WHAT TO DO: Retype exactly what appears below from the line containing "苏翊鸣以172.75分的成绩" down to the line containing "Чехол-книжка с для", keeping both end lines. Do not include pictures.
□ □ □ □ □
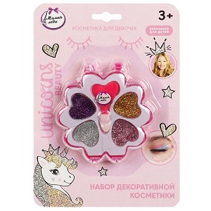 Набор косметики для девочек ТМ «Милая леди» непременно понравится маленькой моднице: - тени для век с блёстками 4-х цветов: фиолетовый, серебристый, розовый, золотой - аппликатор для нанесения макияжа - складной футляр - безопасно для детей
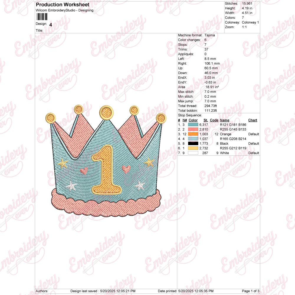 Celebrate a special first birthday with the One Birthday Crown Embroidery Design. This expertly crafted pattern features a charming crown motif perfect for adding a personalized touch to baby clothes, gifts, or party decor. Its detailed stitching ensures a refined, professional look that enhances any fabric. Ideal for experienced embroiderers seeking to create memorable keepsakes for that milestone occasion.
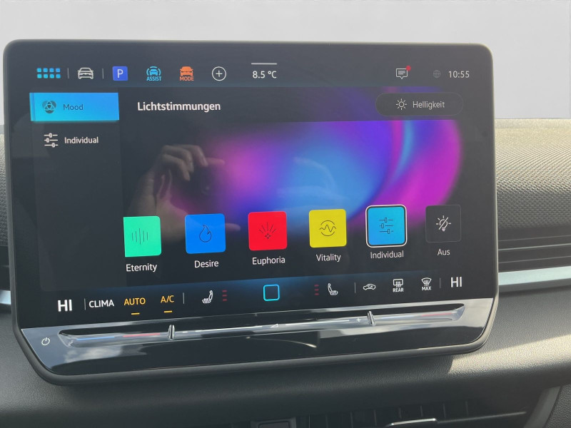 - Volkswagen Logo vorn und hinten, Leiste zwischen den Scheinwerfern/Rückleuchten beleuchtet
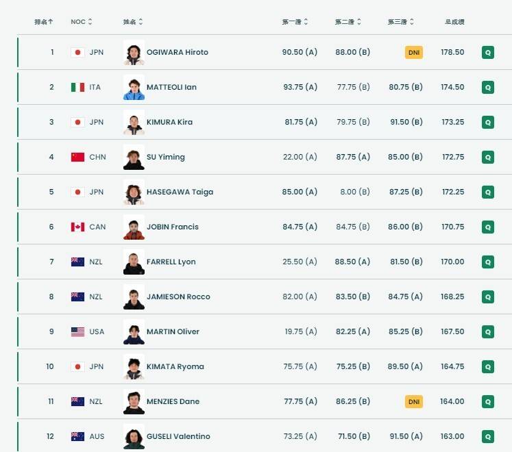苏翊鸣以172.75分的成绩排名预赛所有选手第4位,顺利锁定了一个决赛席位。杨文龙155.75分排名第19位,葛春宇75.75分排名第29位,两人均未能进入到决赛。
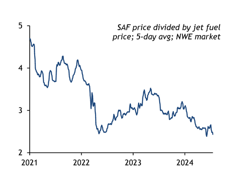 SAF price ratio to conventional jet fuel
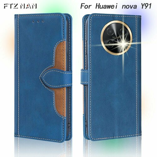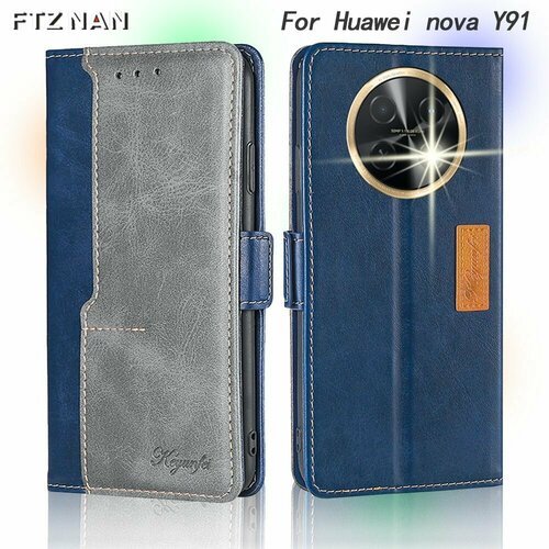 Чехол-книжка с для Huawei Nova Y91/ чехол кожи на Хуавей Нова У91, Новый, флипом, противоударный, (синий+светло-коричневый)
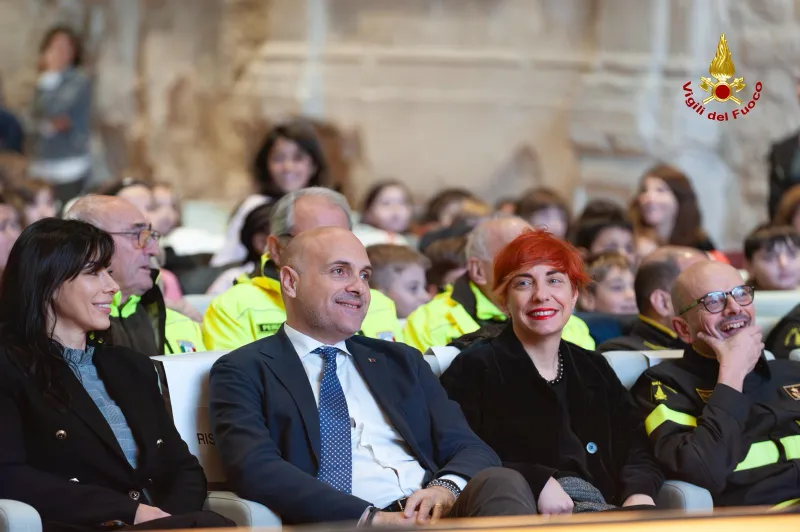 Momento clou, l’incontro diretto con gli uomini e le donne del Comando Vigili del Fuoco di Perugia. Una sessione di domande e risposte senza filtri, dove la curiosità dei più piccoli ha incontrato le esperienze di chi il soccorso lo vive ogni giorno. All’esterno dell’Auditorium, poi, ad attenderli c’era una vera e propria esposizione di mezzi e tecnologie: dagli autopompe ai dispositivi per le emergenze NBCR (Nucleare, Batteriologico, Chimico, Radiologico) e USAR (Urban Search and Rescue), fino alle unità cinofile e ai SAPR, i droni che ormai affiancano le operazioni di soccorso. Un assaggio concreto dell’eccellenza e della versatilità del Corpo.
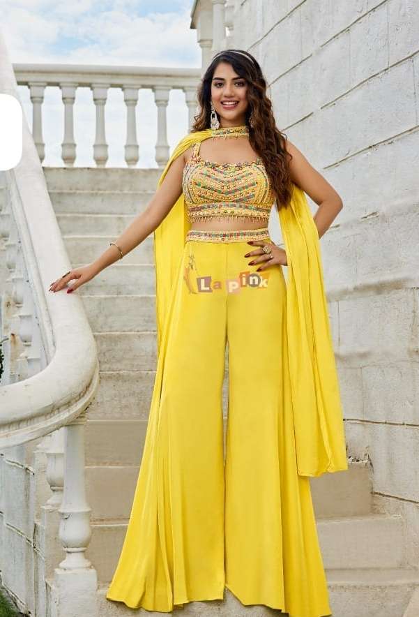 Elevate your festive wardrobe with this designer Indo Western Divider Set, crafted on luxurious viscose fabric. Adorned with exquisite handwork featuring multi moti and jari detailing, this outfit perfectly blends traditional artistry with a modern silhouette. Paired with a stylish neck dupatta, it offers an effortlessly graceful and statement-making look for any occasion.
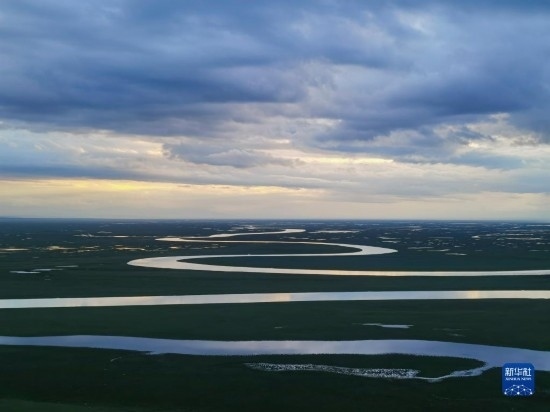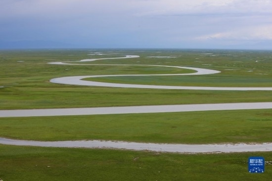 巴音布魯克草原景色(7月7日攝,無人機(jī)全景照片)。
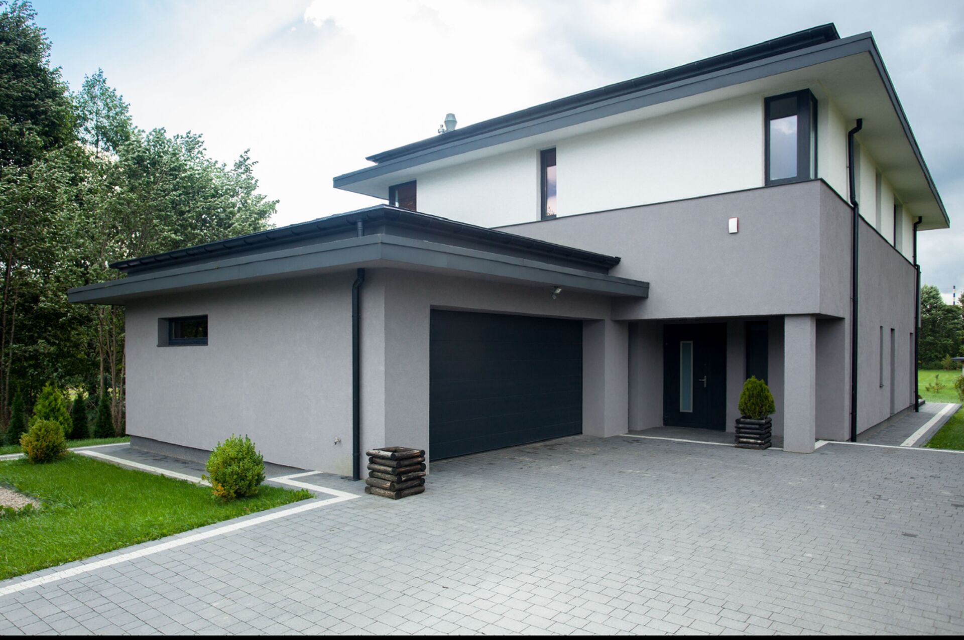 Cet enduit projeté assure une protection durable des façades contre l’humidité, les intempéries et les variations de température, tout en améliorant l’esthétique globale du bâtiment. Le contraste entre le gris et le blanc apporte du relief aux volumes de la maison et met en valeur ses lignes architecturales.
□ □ □ □ □
RESPONSE TO THIS EXERCISE:
苏翊鸣以172.75分的成绩排名预赛所有选手第4位,顺利锁定了一个决赛席位。杨文龙155.75分排名第19位,葛春宇75.75分排名第29位,两人均未能进入到决赛。
 SAF price ratio to conventional jet fuel
 Чехол-книжка с для Huawei Nova Y91/ чехол кожи на Хуавей Нова У91, Новый, флипом, противоударный, (синий+светло-коричневый)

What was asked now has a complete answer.